Liberalism claims to have transcended this condition. It presents itself as a system of neutrality, of detached rationalism and open discourse, a regime where law replaces faith and reason abolishes myth. But this too is a form of belief, a mask worn by a deeper theological instinct. The liberal state does not eliminate political theology; it conceals it. And when that hidden core emerges, as it always must in times of crisis, it does not manifest as tolerant pluralism, but as a moral absolutism more ruthless than any traditional creed.
Schmitt captured this in one of his most enduring insights: “The exception in jurisprudence is analogous to the miracle in theology.” In every legal order, there arises a moment when procedure fails, when the machinery of law can no longer resolve the conflict before it. In that moment, a higher power is revealed—not the rule of law, but the sovereign who decides. The law becomes liturgy. The judge becomes priest. The decision, like a miracle, breaks the norm and founds a new one.
In postwar America, that moment arrived in the 1960s. But the miracle was not a resurrection of national purpose or constitutional fidelity. It was the sanctification of Martin Luther King Jr., not as a flawed historical figure, but as a redeemer beyond question. His words were elevated beyond critique, his mission canonized in public ritual, his moral authority declared untouchable. To doubt him was to sin. To oppose him was to blaspheme. The transformation of the regime did not occur through tanks or coups, but through the elevation of a sacred narrative enforced by judicial fiat and embedded in every civic ceremony thereafter.

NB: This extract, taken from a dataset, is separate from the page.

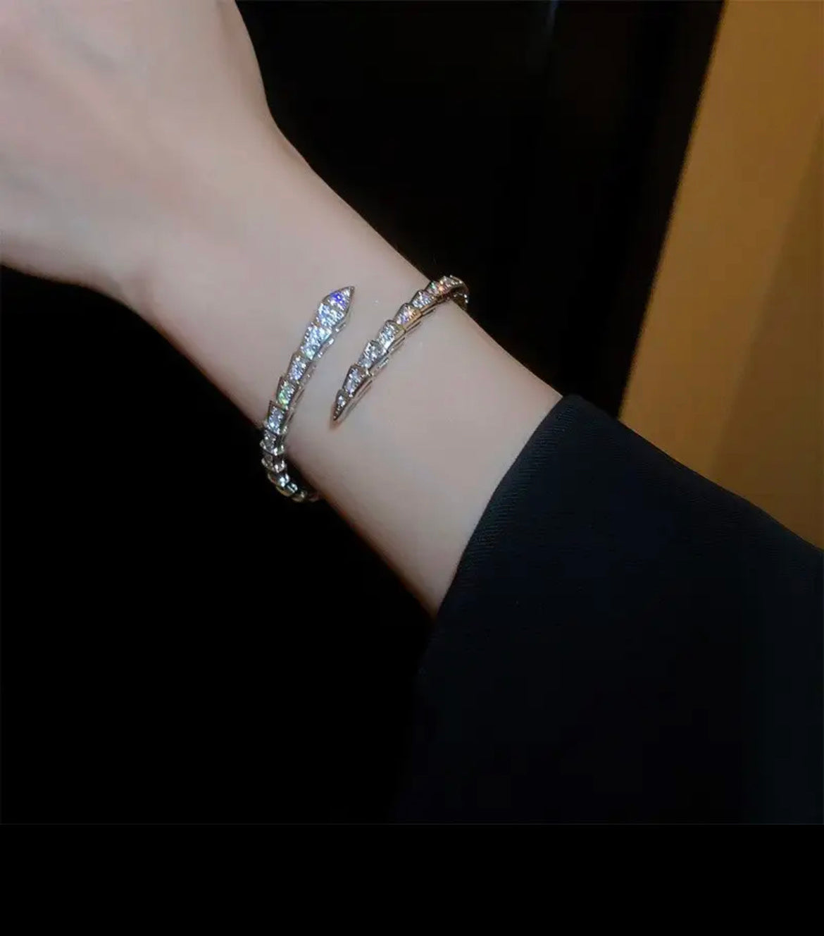 Cubic zirconia silver snake bone bangle, shiny appearance, adjustable and silver-plated finish.

The Constitution, once a covenant among the descendants of a specific people, rooted in land, tradition, and shared memory, was reinterpreted as a universal charter of human rights detached from its original authors. The legal system became a priesthood, issuing decrees in the language of inclusion, diversity, and global equality. The Civil Rights Act of 1964 was not merely a piece of legislation. It was a liturgy. It inaugurated a rival constitution, one not officially declared, but enforced with even greater fervor and reach than the original.

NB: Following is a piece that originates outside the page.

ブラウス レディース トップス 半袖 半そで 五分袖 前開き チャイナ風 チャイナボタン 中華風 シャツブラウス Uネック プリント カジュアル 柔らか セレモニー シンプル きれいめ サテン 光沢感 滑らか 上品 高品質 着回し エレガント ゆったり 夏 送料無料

Christopher Caldwell, in The Age of Entitlement, described this transformation with a clarity few have matched. He argued that the civil rights revolution did not merely amend the Constitution; it replaced it. It introduced a new moral and legal order that operated under the symbols of the old, but no longer recognized the same people, purposes, or principles. “The civil rights revolution,” Caldwell wrote, “created a rival constitution, with all the formalities of law, that was never acknowledged as such.”

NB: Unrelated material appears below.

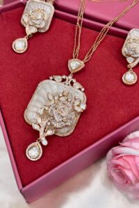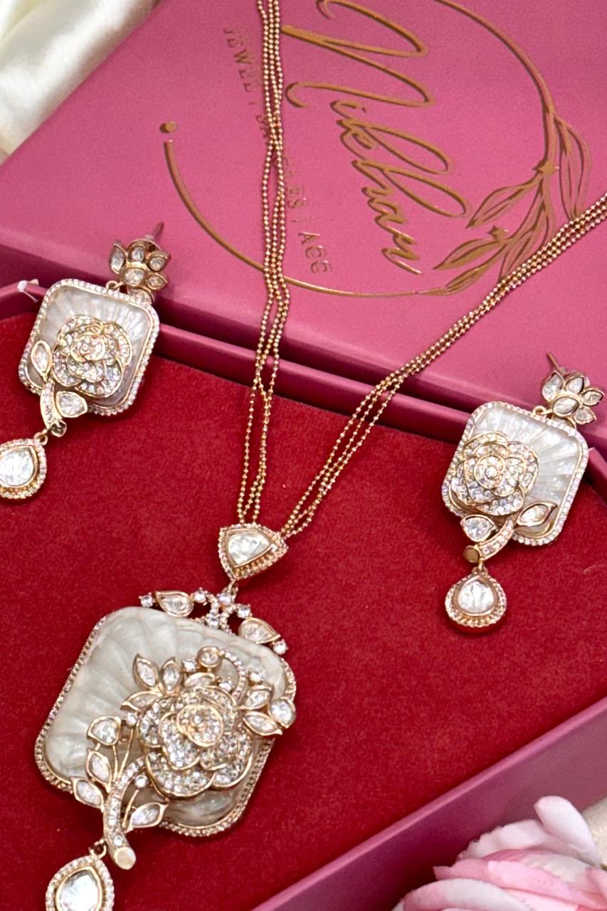 Mother Of Pearls Moissanite AD Flower Gold Polish Pendant Set

This rival constitution was not designed to restore balance or justice and then recede. It was constructed to be permanent, to pursue endless redemption with no sunset clause, no moment of resolution, only a continuous moral emergency. Schmitt would have seen it for what it was: not law, but theology. A regime of unending judgment, grounded not in precedent or consent, but in guilt.
Liberalism, which proclaims its opposition to the friend-enemy distinction, inevitably reintroduces that distinction at a metaphysical level. Because it cannot name political enemies without contradicting its own creed, it creates moral ones instead—racists, deniers, deplorables, fascists. Those who dissent are not political opponents to be debated, but heretics to be exiled. The old enemy was a threat to borders. The new enemy is a threat to the narrative. And while the former was foreign, the latter is domestic.
Schmitt’s warning resounds here as well: “To wage war in the name of humanity is not only senseless, but a dangerous ideological justification for imperialist expansion.” That danger now extends inward. The empire of values no longer seeks to conquer lands abroad, but to pacify and reshape its own population.
What Schmitt anticipated in theory, Caldwell documented in fact. The civil rights regime did not bring peace. It brought a permanent revolution. It did not expand liberty. It converted rights into tools of coercion. It did not unify the republic. It divided the people into two castes—one sacred, the other guilty. It replaced the rule of law with the rule of liturgy, enforced not by deliberation, but by accusation.
This is where we now live. A regime that cannot secure its borders but can imprison you for speech. A government that cannot define a nation but can define what you are forbidden to be. A state that no longer knows who belongs but knows exactly who must be cast out. This is not secular. This is not neutral. This is political theology. And at the core of this new faith stands a myth—more sacred than law, more powerful than truth—that equality is more real than ancestry, that identity is fluid, and that justice demands the unending humiliation of the founding stock.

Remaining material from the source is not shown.